== Your task ==
Leaving out all pictures, write down exactly the lines from the one containing "Thinking of new" through the last line of the material.

--- Data for review Enclosed Below ---

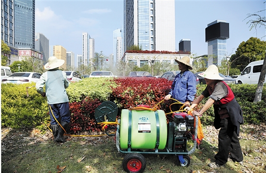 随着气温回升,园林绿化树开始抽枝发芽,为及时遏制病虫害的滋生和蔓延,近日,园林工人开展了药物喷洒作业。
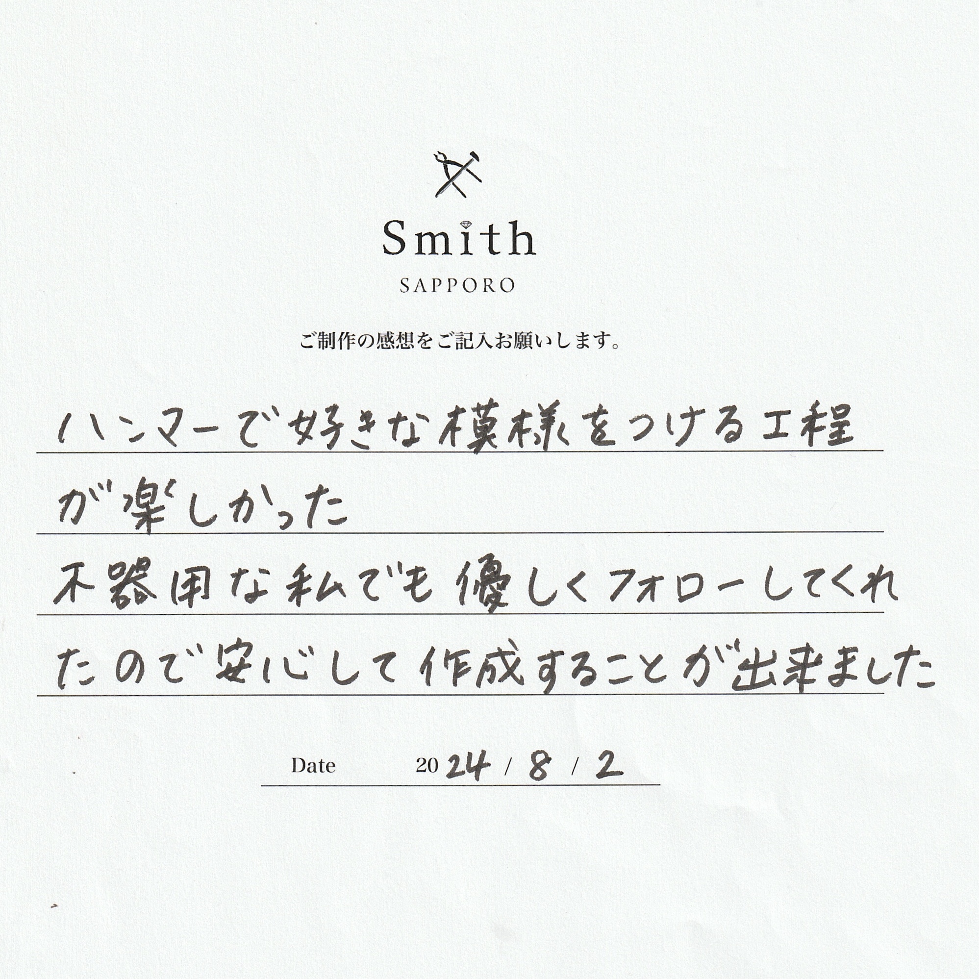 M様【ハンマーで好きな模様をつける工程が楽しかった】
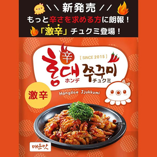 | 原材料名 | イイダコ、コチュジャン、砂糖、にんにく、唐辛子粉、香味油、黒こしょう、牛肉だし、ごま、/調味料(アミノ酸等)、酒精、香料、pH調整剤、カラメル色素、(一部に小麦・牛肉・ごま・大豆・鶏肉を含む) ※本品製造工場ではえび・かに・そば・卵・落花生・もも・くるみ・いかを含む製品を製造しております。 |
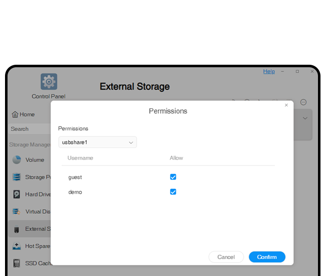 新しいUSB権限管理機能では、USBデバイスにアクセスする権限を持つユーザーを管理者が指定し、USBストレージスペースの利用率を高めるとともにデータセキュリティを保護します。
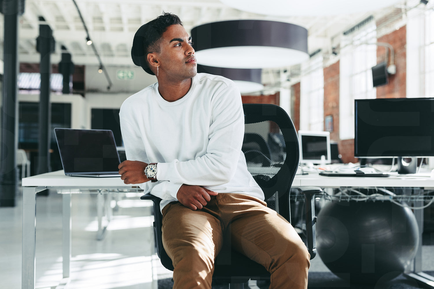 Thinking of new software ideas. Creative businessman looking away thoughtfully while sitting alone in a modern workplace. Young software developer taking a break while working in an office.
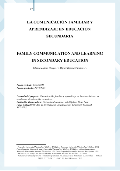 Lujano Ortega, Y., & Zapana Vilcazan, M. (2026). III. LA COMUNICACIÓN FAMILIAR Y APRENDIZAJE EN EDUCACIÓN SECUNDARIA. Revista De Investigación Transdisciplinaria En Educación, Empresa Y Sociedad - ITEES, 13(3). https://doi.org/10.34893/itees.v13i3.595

--- End of Enclosed Data for review ---

== Result ==
 Thinking of new software ideas. Creative businessman looking away thoughtfully while sitting alone in a modern workplace. Young software developer taking a break while working in an office.
 Lujano Ortega, Y., & Zapana Vilcazan, M. (2026). III. LA COMUNICACIÓN FAMILIAR Y APRENDIZAJE EN EDUCACIÓN SECUNDARIA. Revista De Investigación Transdisciplinaria En Educación, Empresa Y Sociedad - ITEES, 13(3). https://doi.org/10.34893/itees.v13i3.595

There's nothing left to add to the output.